Alaska is a national and international treasure — a place of glaciated peaks, sprawling boreal forests, and vast tundra. Its wild rivers, wetlands, and fjords sustain some of the most diverse and abundant Arctic fish and wildlife on Earth, which nourish Indigenous communities and traditions today as they have since time immemorial.
These lands and waters are not only sacred and immense. They pulse with a living connection to culture and wilderness that must be witnessed to be understood.
Protecting them isn’t optional. It is our responsibility to defend wild Alaska.
Alaska’s congressional delegation and faraway federal politicians are determined to see oil and gas development in the far northeast corner of Alaska known as the Arctic National Wildlife Refuge, including destructive seismic exploration on the Arctic Refuge’s coastal plain. There, an abundance of unique animals rely on diverse habitat and unspoiled American public land on a scale unimaginable to many. The Gwich’in people live in villages throughout Arctic Alaska and Canada, and rely on the animals this landscape sustains.
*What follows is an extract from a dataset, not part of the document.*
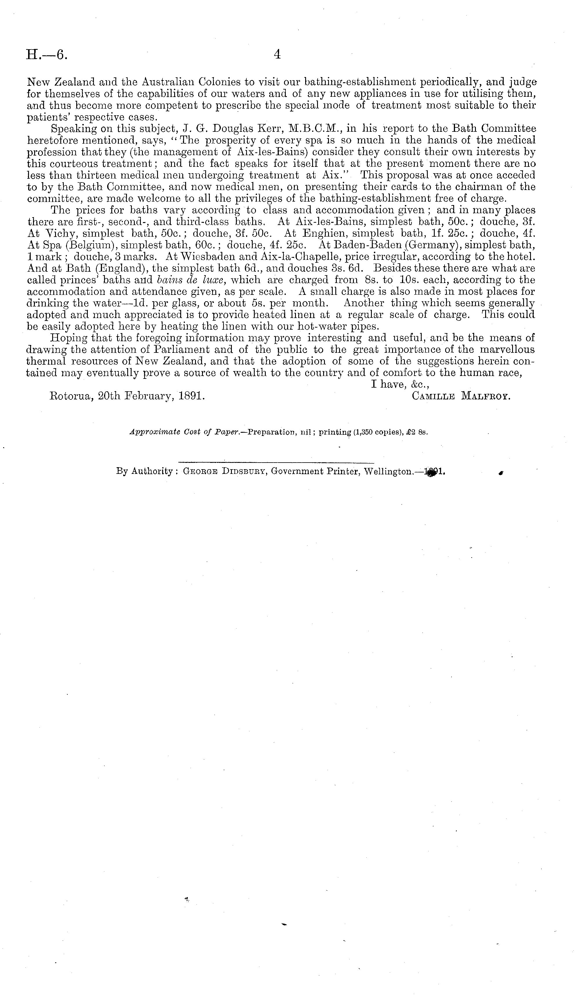 New Zealand and the Australian Colonies to visit our bathing-establishment periodically, and judge for themselves of the capabilities of our waters and of any new appliances in use for utilising them, and thus become more competent to prescribe the special mode of treatment most suitable to their patients' respective cases. Speaking on this subject, J. G. Douglas Kerr, M.8.G.M., in his report to the Bath Committee heretofore mentioned, says, "The prosperity of every spa is so much in the hands of the medical profession that they (the management of Aix-les-Bains) consider they consult their own interests by this courteous treatment; and the fact speaks for itself that at the present moment there are no less than thirteen medical men undergoing treatment at Aix." This proposal was at once acceded to by the Bath Committee, and now medical men, on presenting their cards to the chairman of the committee, are made welcome to all the privileges of the bathing-establishment free of charge. The prices for baths vary according to class and accommodation given ; and in many places there are first-, second-, and third-class baths. At Aix-les-Bains, simplest bath, 50c.; douche, 3f. At Vichy, simplest bath, 50c.; douche, 3f. 50c. At Enghien, simplest bath, If. 25c. ; douche, 4f. At Spa (Belgium), simplest bath, 60c; douche, 4f. 25c. At Baden-Baden (Germany), simplest bath, 1 mark ; douche, 3 marks. At Wiesbaden and Aix4a-Chapelle, price irregular, according to the hotel. And at Bath (England), the simplest bath 6d., and douches 3s. 6d. Besides these there are what are called princes' baths and bains de luxe, which are charged from Bs. to 10s. each, according to the accommodation and attendance given, as per scale. A small charge is also made in most places for drinking the water—ld. per glass, or about ss. per month. Another thing which seems generally adopted and much appreciated is to provide heated linen at a regular scale of charge. This could be easily adopted here by heating the linen with our hot-water pipes. Hoping that the foregoing information may prove interesting and useful, and be the means of drawing the attention of Parliament and of the public to the great importance of the marvellous thermal resources of New Zealand, and that the adoption of some of the suggestions herein contained may eventually prove a source of wealth to the country and of comfort to the human race, I have, &c, Eotorua, 20th February, 1891. Camille Malfeoy. Approximate Cost of Paper.— Preparation, nil; printing (1,350 copies), £2 Bs.

America’s largest block of public land that spans nearly 23 million acres across Alaska’s North Slope, the Western Arctic makes up a vibrant region home to critical wildlife habitat and Alaska Native communities that subsist on the landscape’s living resources. Development in the Western Arctic has already begun, with more major projects on the horizon.
Southeast Alaska’s Tongass National Forest is America’s largest national forest. It’s home to vast wilderness, thriving wildlife, and one of the planet’s most powerful climate solutions. The old-growth forest stores about 8% of all the carbon in U.S. forests, making every acre critical. But industrial logging, road building, and extractive pressures threaten to unleash that carbon, fracture habitat, and undermine the forest’s value for climate, communities, and wildlife alike.
This giant northern forest is an economic engine for Alaska’s recreation economy. It is home to America’s largest wetlands, 20 tidewater glaciers, and vital salmon streams. With minimal roads, its pristine landscapes—from the Kenai Peninsula to Prince William Sound—store carbon and provide essential habitat for bears, mountain goats, and millions of birds, making its protection critical for outdoor enthusiasts in search of adventure as well as national climate and conservation goals.
Bristol Bay is the largest wild sockeye salmon-producing region in the world and the last wild salmon powerhouse region in the United States. It’s home to the world’s greatest concentration of brown bears and its $2.2 billion fishery is a sustainable industry that provides for thousands of American families and helps feed the world. But proposed mining in the region threatens this entire watershed.
In the far southwest portion of the state, on the Aleutian island chain, Izembek is one of our country’s most ecologically unique federally designated wilderness areas. It protects more than 200 species of wildlife, including the entire world population of emperor geese that migrate through this refuge each spring and fall. A proposed road corridor threatens to cut through its wilderness, disrupt globally critical habitat, and erode protections built for generations.
The Arctic Ocean is a living, breathing place, home to whales, seals, and polar bears, and central to Indigenous communities who have relied on these waters for generations. Its ice-covered seas help regulate the planet’s climate and sustain life found nowhere else. But today, climate change and plans for offshore drilling threaten to permanently alter this fragile ocean, putting wildlife, food sources, and ways of life at risk.